MATERIAL FOR THIS TASK Start Marker
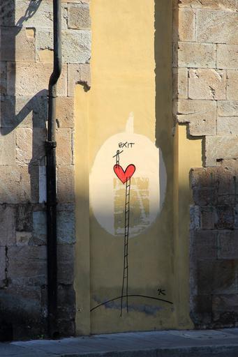 Keywords: mural graffiti output way out symbol hauswand heart head comic graphic
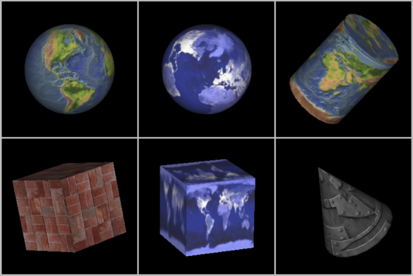 Uniformly colored 3D objects look nice enough, but they are a little bland. Their uniform colors don't have the visual appeal of, say, a brick wall or a plaid couch. Three-dimensional objects can be made to look more interesting and more realistic by adding a texture to their surfaces. A texture, in general, is some sort of variation from pixel to pixel within a single primitive. We will consider only one kind of texture: image textures. An image texture can be applied to a surface to make the color of the surface vary from point to point, something like painting a copy of the image onto the surface. Here is a picture that shows six objects with various image textures:
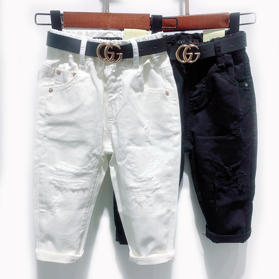 - Quần baggy cho bé chất kaki trắng đen rách lưng thun size 6-9 tháng đến 3/4 tuổi: Giá 205k. Size 3/4 - 7/8 tuổi giá 215k
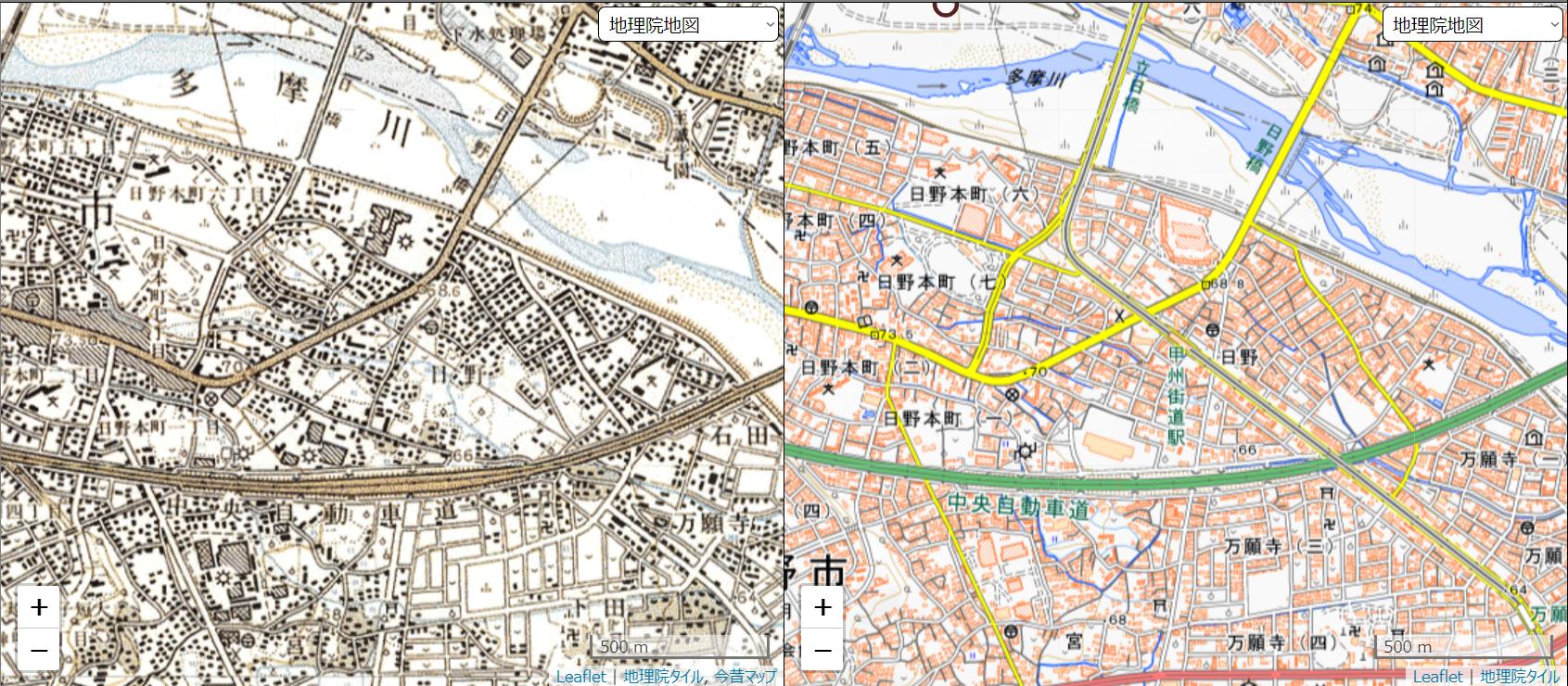 私が住んでいた中央線沿線でも、多摩都市モノレールの開業を期に街並みが大きく変化したエリアも見受けられ、特に甲州街道(日野市)の周辺は、かつては最寄りの鉄道駅からかなり距離のある地域でしたが、この多摩都市モノレール開業により、立川や高幡不動といった鉄道駅と直結することとなったことから、現在では住宅やマンションが多く建ち並んでおり、モノレールがもたらした街並みの変化を地図上からでも容易に観察することができます。
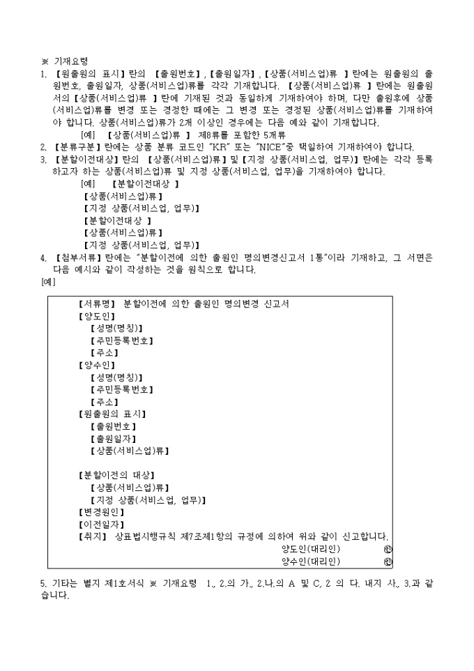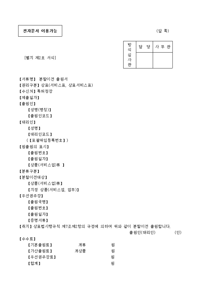 9,000원/월상표(서비스표,상표서비스표)분할 이전출원서 양식 예제입니다.
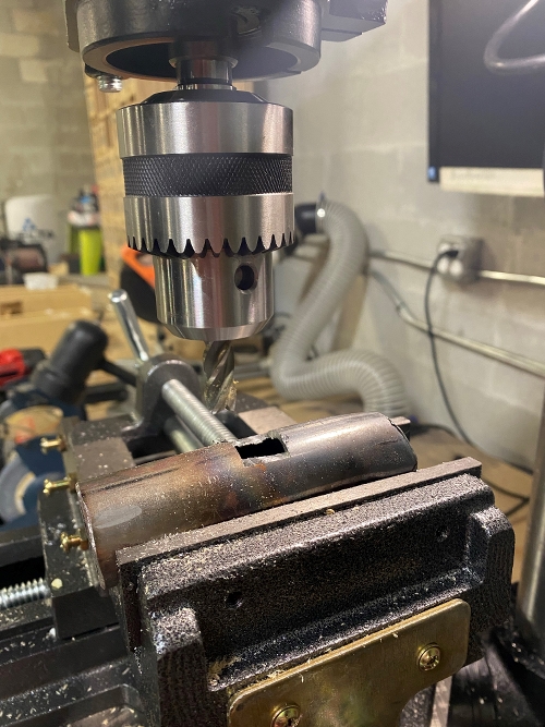 While this machine may have cost ten times more than what our old drill press did, I honestly think this is one time ten times the cost does equal ten times the performance. There are still a few kinks to iron out with the system but most of the stem from the vise itself and not the press. These include a kind of odd mounting slot size that we need to source the right bolts for, the handle on one axis not quite hanging off the side of the work plate, and just general play in the vise that needs tuned. But these are small issues and we have plans on how to fix them. Despite these small issues we did get the vise secure and stable enough to do some quick test cuts on a piece of scrap pipe we had in the shop as you can see in the picture below.
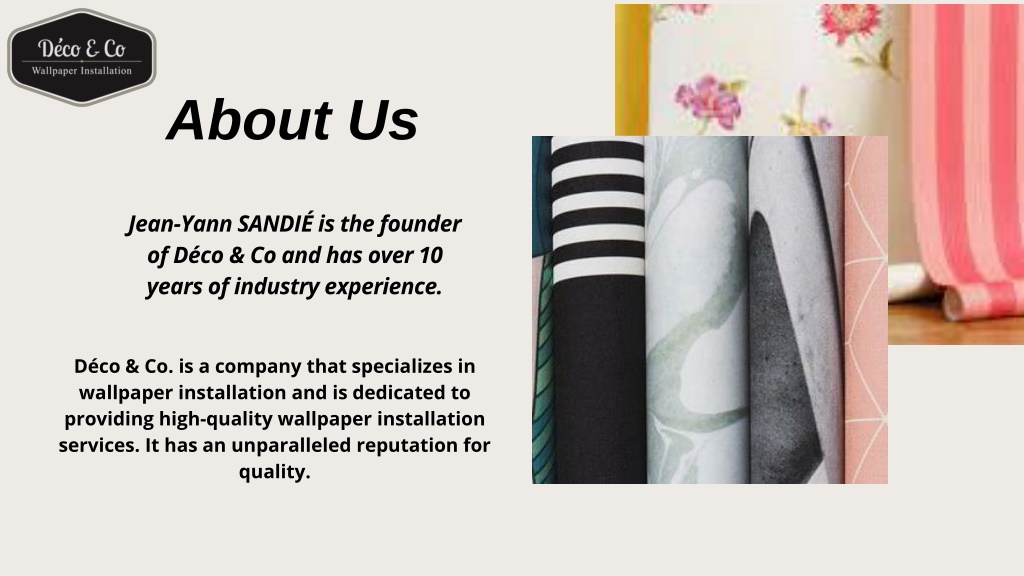 About Us Jean-Yann SANDIÉ is the founder of Déco & Co and has over 10 years of industry experience. Déco & Co. is a company that specializes in wallpaper installation and is dedicated to providing high-quality wallpaper installation services. It has an unparalleled reputation for quality.
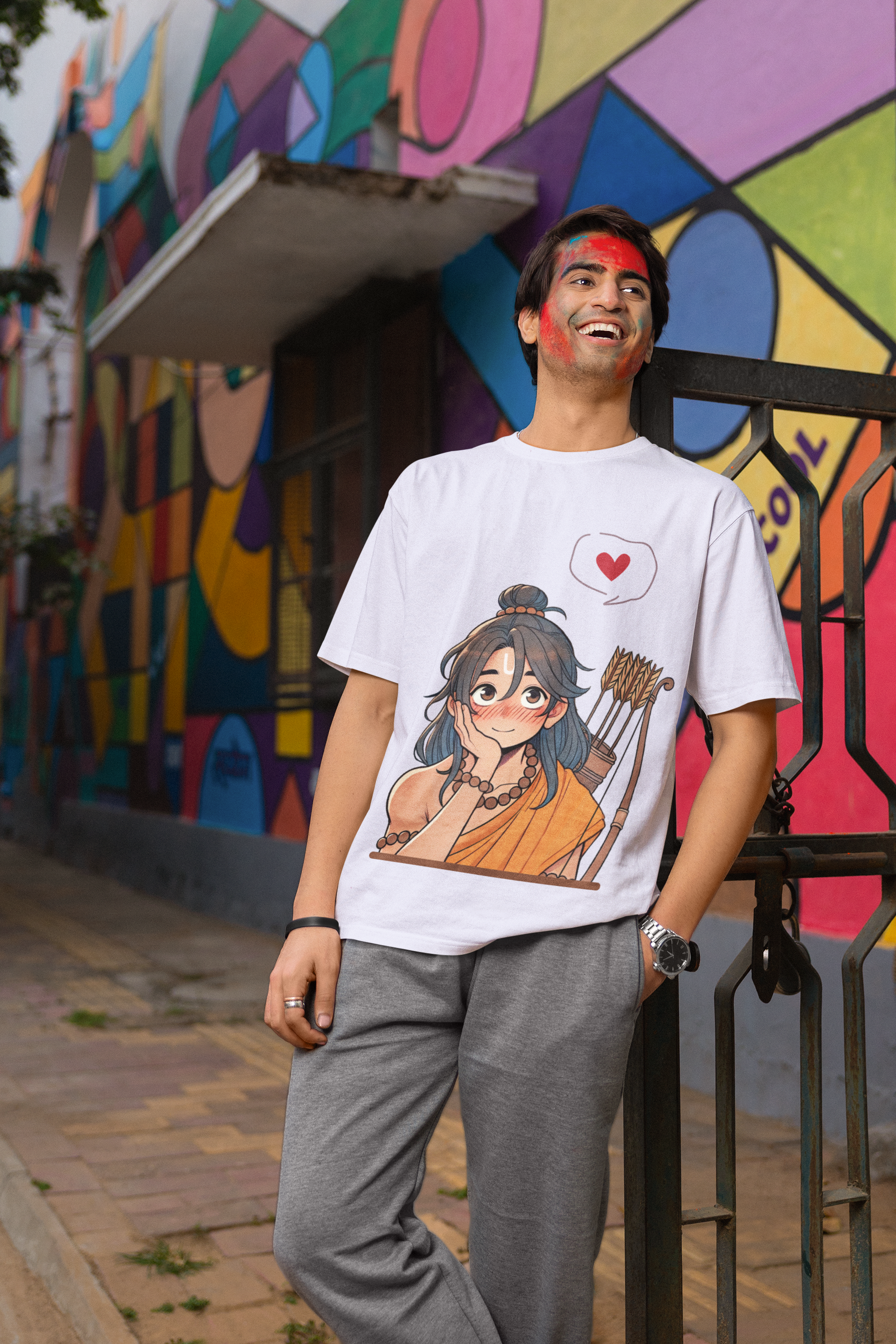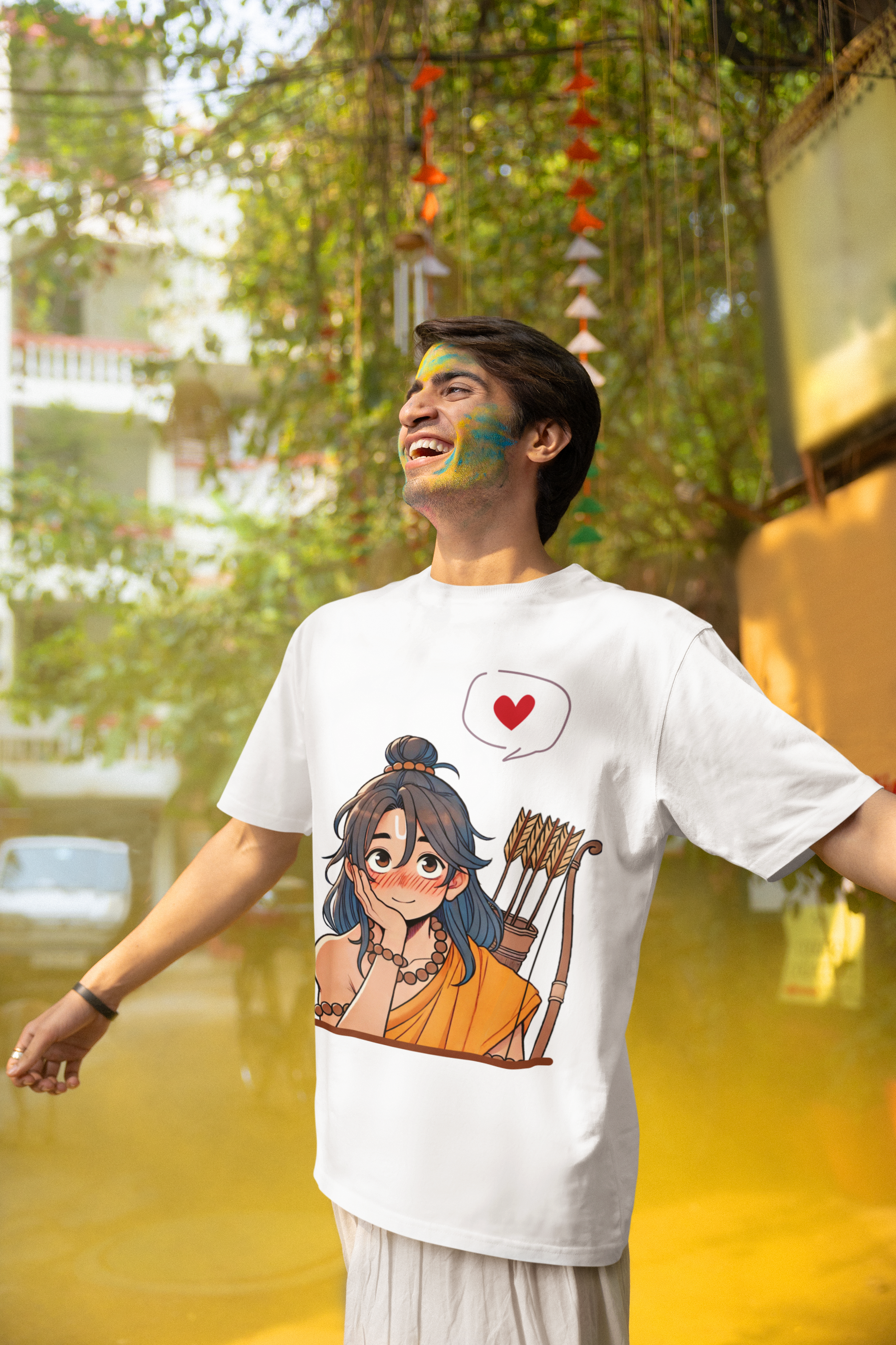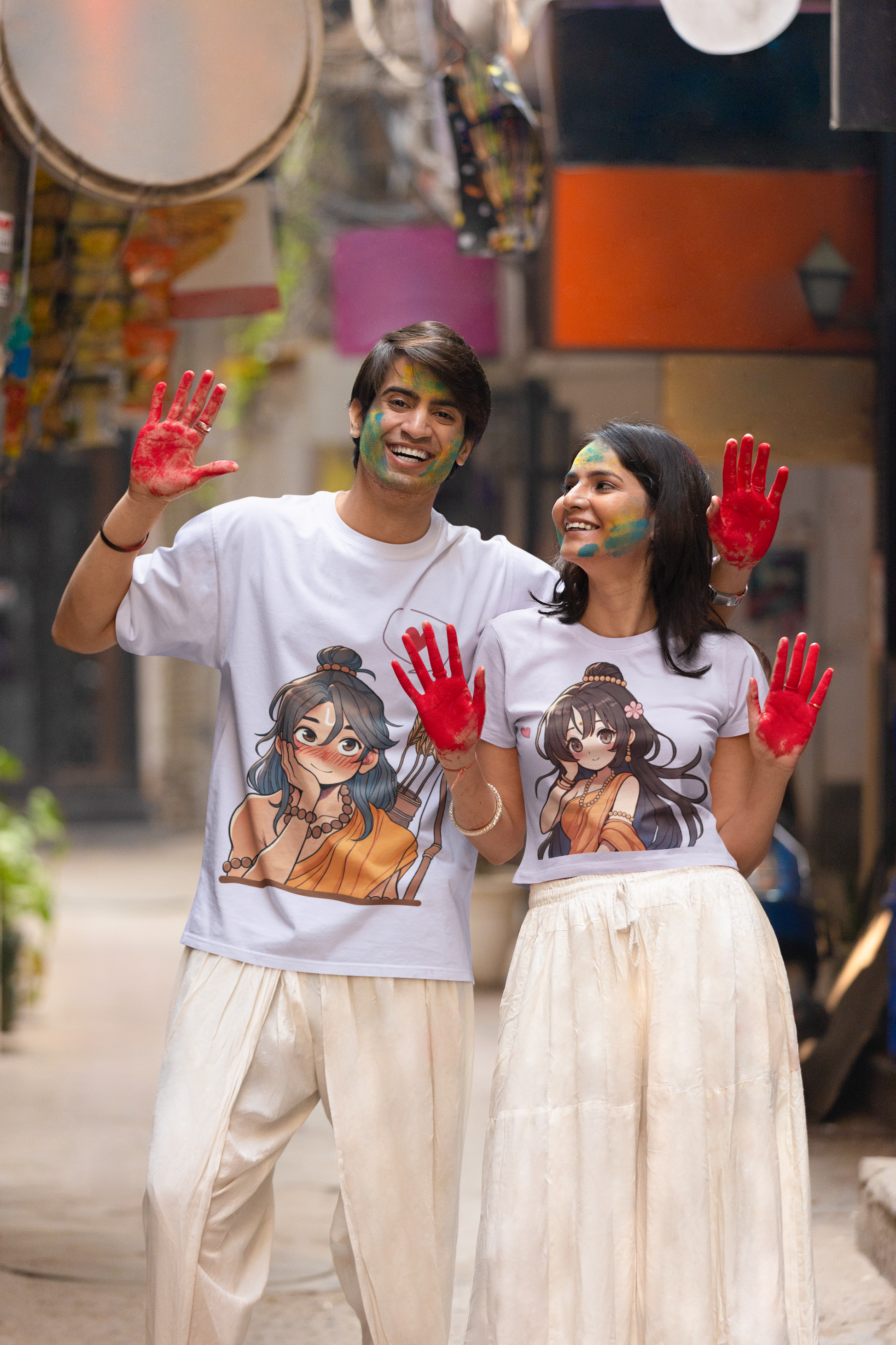 Inspired by the innocence of first love and the timeless glow of admiration, this couple’s t-shirt set is a fresh, youthful take on the divine romance. It captures that sweet moment before the love story begins—the heartbeat, the hesitation, the head tilt.
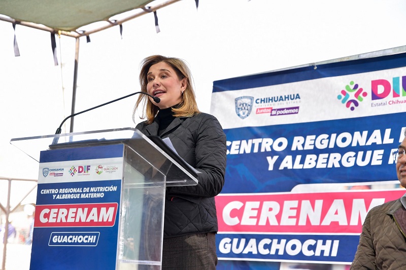 Chihuahua, Chihuahua – La gobernadora Maru Campos asistió a la ceremonia de entrega de nuevo equipamiento en el Centro de Regional de Nutrición y Albergue Materno (CERENAM) en Guachochi, en compañía de la presidenta del DIF Estatal, María Eugenia Galván Antillón.
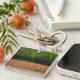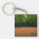 Un hermoso contraste de color en la naturaleza. Tulipanes coralinos en plena floración en la granja de tulipanes Wooden Shoe en Woodburn, Oregon, con hileras de árboles verdes y exuberantes en el fondo. ¡Una hermosa mañana de primavera! Foto tomada en abril de 2014.
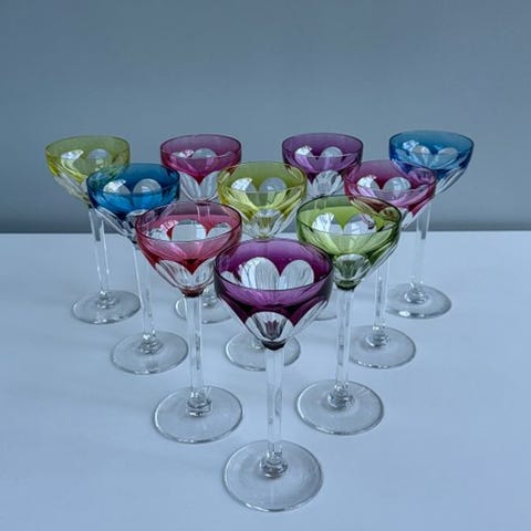 Val Saint Lambert krystalglas, 14 stykker fra Belgien, fremstillet af Val Saint Lambert og fra 1980–1990, cirka 12 cm høje og 7 cm i diameter, seks stykker med mindre ridser ved kanten og resten i perfekt stand. Klik på den blå "gå til varen" knap, for at købe eller byde på denne vare. Den samlede pris vil blive vist inden du afgiver dit bud.
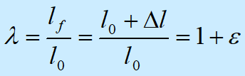 在橡胶弹性中,应变是很大的,所以必须指明e的定义式是△l/l0还是△l/lf,实际上这两种表示法都可用,也有用别的方法表示应变的。在非线性弹性中,常常使用拉伸比l来表示拉伸试验中的变形
MATERIAL FOR THIS TASK End Marker
## WHAT THIS TASK INVOLVES
In the entries above, find the line containing "Inspired by the" and the line containing "Un hermoso contraste", then copy both and every line between them exactly, without any picture.

## TASK ANSWER
 Inspired by the innocence of first love and the timeless glow of admiration, this couple’s t-shirt set is a fresh, youthful take on the divine romance. It captures that sweet moment before the love story begins—the heartbeat, the hesitation, the head tilt.
 Chihuahua, Chihuahua – La gobernadora Maru Campos asistió a la ceremonia de entrega de nuevo equipamiento en el Centro de Regional de Nutrición y Albergue Materno (CERENAM) en Guachochi, en compañía de la presidenta del DIF Estatal, María Eugenia Galván Antillón.
 Un hermoso contraste de color en la naturaleza. Tulipanes coralinos en plena floración en la granja de tulipanes Wooden Shoe en Woodburn, Oregon, con hileras de árboles verdes y exuberantes en el fondo. ¡Una hermosa mañana de primavera! Foto tomada en abril de 2014.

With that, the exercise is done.